Anybody got any info on these decoys. Price, Pictures, Date????


----------



## beakbreakers (Apr 24, 2010)

i think cabelas is the only ones that will carry them this fall. they do look nice though!

http://www.cabelas.com/cabelas/en/templ ... hasJS=true


----------



## greatwhitehunter3 (Sep 15, 2006)

The feet on them are just as big as the decoy...I'm not a fan.


----------



## hoss711 (Dec 27, 2009)

The reason the feet are so big is to keep them stable in windly conditions. I think they look ok but don't like the price for a lesser decoy.


----------



## richrob (Apr 4, 2010)

Lifesized, not lesser. Cabelas had them for $129/6 not that long ago.


----------



## beakbreakers (Apr 24, 2010)

greatwhitehunter3 said:


> The feet on them are just as big as the decoy...I'm not a fan.

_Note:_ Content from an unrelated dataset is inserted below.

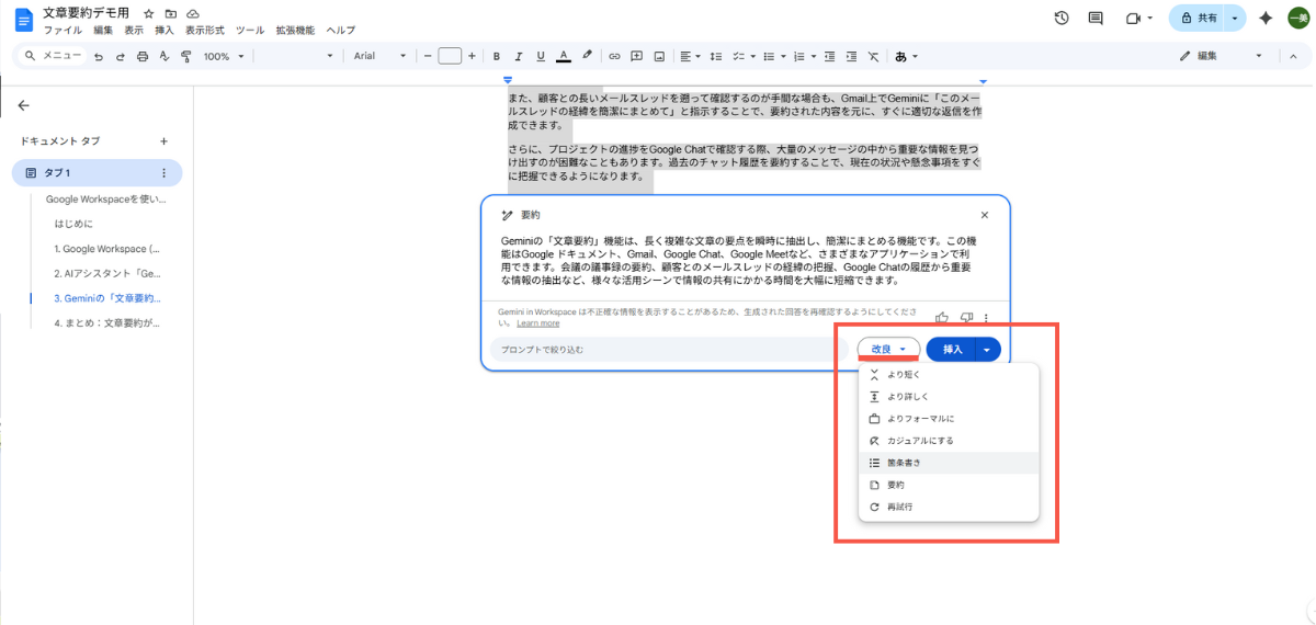 表示される要約を確認し、必要に応じて追加のプロンプトで指示を出して調整します。「改良」をクリックすると「より短く」「箇条書き」など、使いやすい形に瞬時に変換可能です。

if i remember reading right the feet are interchangeable with the standard size bigfoots. they do look a bit big on them though


----------



## dsm16428 (Feb 19, 2009)

I think you're talking about the Big Foot Lifesize B2's that just came out about a week and a half ago? They are a Cabela's exclusive item right now and they run $159.99 for six. They (Cabela's) just put out a promo for $20.00 off the purchase of $150.00 or more, so now you can get em for what I consider to be what they should cost normally, $139.99 for six.


----------



## DD_lessers (Sep 26, 2011)

hoss711 said:


> The reason the feet are so big is to keep them stable in windly conditions. I think they look ok but don't like the price for a lesser decoy.

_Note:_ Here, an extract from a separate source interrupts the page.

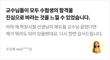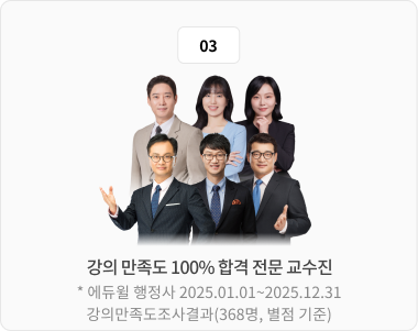 5년 연속 1위를 만든 만족도 100%* 명품 교수진이 합격을 이끕니다

i thought that the price is awesome $120 for 6 thats good


----------



## teamflightstoppersND (Feb 20, 2009)

Yes these are the same feet as the original big foots

These B2 decoys are the same size as avery and zink full body decoys, not lesser size

They were just on sale for 120 per six but are back up to 140, With a coupon a guy can still get a good deal.



beakbreakers said:


> greatwhitehunter3 said:
> 
> 
> > The feet on them are just as big as the decoy...I'm not a fan.
> ...


----------



## canes1123 (Aug 27, 2011)

How is the paint holding up?


----------



## Myles J Flaten (Jan 31, 2008)

I haul b2s using the "stack method" The paint is fine and holds up decent, but not as well as the originals imo. For the money they are really well made decoys.


----------



## canes1123 (Aug 27, 2011)

sounds good, thanks Myles.


----------



## teamflightstoppersND (Feb 20, 2009)

I put a pillow case around each deek and mine look as good as new! All my originals have a sock over their heads.


----------



## xTrMWtRFwLr (Jul 28, 2009)

I just purchased 6 dozen of the B2's two months ago and have hunted them pretty hard in our early season. We normally just do the throw and staking method in the trailer and so far they are holding up pretty damn good. The only complaint that I have so far is the heads seem to fall off pretty damn easy. We might just end up using an epoxy compound to glue them on so they wont fall off. The paint on the bodies are great no sign of any wear at all on them. To compare them to any other FB decoy I would say they are the same size as the GHG Progrades and Hunter Series decs. They are a little bigger then the lessers made by GHG. The one thing that I like most about them is I dont have to worry about stakes and bagging them after every hunt, just throw and stack and your on your way. :beer:


----------